With much more to it than merely buying food from certain sources, those looking for kosher foods know how to search for the rabbinic seal - a symbol guaranteeing that the food has been prepared under the supervision of a rabbi. For a true adherence to the laws of kosher, everything; from the equipment, to the methods of slaughtering animals, to the workers who prepared the food must follow stringent requirements set forth by the Kashrut. Every country has a rabbinic association that ensures the adherence to the rules. They are the ones who check if the shops claiming to sell kosher food are really selling the real thing.
Because Jews have differing theological schools and religious traditions, the Kashrut accounts for this fact by having different degrees. Often, food shops offer essentially the same kosher foods with different packages and different rabbinic seals signifying the difference in the said degrees. Prices are different for these foods simply because some pass more stringent rules than others.
You might have encountered the term "kosher-style". Although adhering to similar laws such as not using forbidden animals and not mixing dairy with meat, kosher-style is less stringent and not really considered kosher in the strictest sense of the word by purists and devout Jews. These are more fitting for individuals who are not practicing Jews.
Jewish Holy Scripture, the Torah, forbids Jews from eating non-kosher food. Special attention is given to kosher meat, which can come only from certain animals and prepared only in a certain way called the "shechitah keshera." The shochet, or Jewish butcher, is a key person in the community's ability to keep kosher. (Remember Lazar Wolf, the butcher, from the musical "Fiddler on the Roof"?). According to Torah law, any Jew can perform a butcher's tasks according to the prescribed ritual. In reality, however, the custom has become that only a man who has been approved by a supervising rabbi is considered a kosher butcher. What's more, a kosher meat shop is only kosher if the butcher is an observant Jew. Non-Jews, also known as Gentiles, cannot qualify as kosher butchers.

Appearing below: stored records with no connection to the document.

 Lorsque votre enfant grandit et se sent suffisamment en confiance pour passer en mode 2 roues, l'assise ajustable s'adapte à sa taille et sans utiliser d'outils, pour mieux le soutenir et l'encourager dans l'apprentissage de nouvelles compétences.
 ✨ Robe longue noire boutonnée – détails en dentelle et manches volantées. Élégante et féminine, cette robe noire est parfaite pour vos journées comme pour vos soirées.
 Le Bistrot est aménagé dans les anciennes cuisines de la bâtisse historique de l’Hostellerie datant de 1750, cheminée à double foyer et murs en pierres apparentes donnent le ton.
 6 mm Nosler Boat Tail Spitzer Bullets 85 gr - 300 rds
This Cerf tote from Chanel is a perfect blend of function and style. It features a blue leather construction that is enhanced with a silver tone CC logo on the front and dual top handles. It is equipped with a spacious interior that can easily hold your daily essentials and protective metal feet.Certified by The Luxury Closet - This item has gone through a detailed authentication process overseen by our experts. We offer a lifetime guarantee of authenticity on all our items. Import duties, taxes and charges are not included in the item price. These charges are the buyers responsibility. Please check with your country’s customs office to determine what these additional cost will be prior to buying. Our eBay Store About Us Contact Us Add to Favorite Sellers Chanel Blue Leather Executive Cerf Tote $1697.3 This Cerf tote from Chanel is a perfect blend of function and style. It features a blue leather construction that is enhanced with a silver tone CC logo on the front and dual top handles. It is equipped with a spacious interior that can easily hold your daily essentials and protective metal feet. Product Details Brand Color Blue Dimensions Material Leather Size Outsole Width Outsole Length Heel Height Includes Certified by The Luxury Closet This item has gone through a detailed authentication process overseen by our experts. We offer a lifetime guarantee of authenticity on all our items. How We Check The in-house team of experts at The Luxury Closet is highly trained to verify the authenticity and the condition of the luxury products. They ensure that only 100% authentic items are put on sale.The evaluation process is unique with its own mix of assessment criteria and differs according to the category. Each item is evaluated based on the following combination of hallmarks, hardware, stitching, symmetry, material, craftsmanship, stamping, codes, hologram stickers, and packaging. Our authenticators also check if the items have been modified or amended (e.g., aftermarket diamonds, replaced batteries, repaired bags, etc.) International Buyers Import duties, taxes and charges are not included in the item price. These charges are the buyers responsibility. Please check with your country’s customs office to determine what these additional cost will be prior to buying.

These laws were explicitly contained in the Torah. What is practiced today came from the interpretation of countless rabbis through the centuries. This period encompassed the time when food was scarce and preservation was virtually nonexistent. This led to some practices that seem dated by today's standards. But no matter how old the practice is, keeping kosher is all about eating soundly. Appeasing the will of god by taking care of one's body cannot be argued - no matter what your religion is.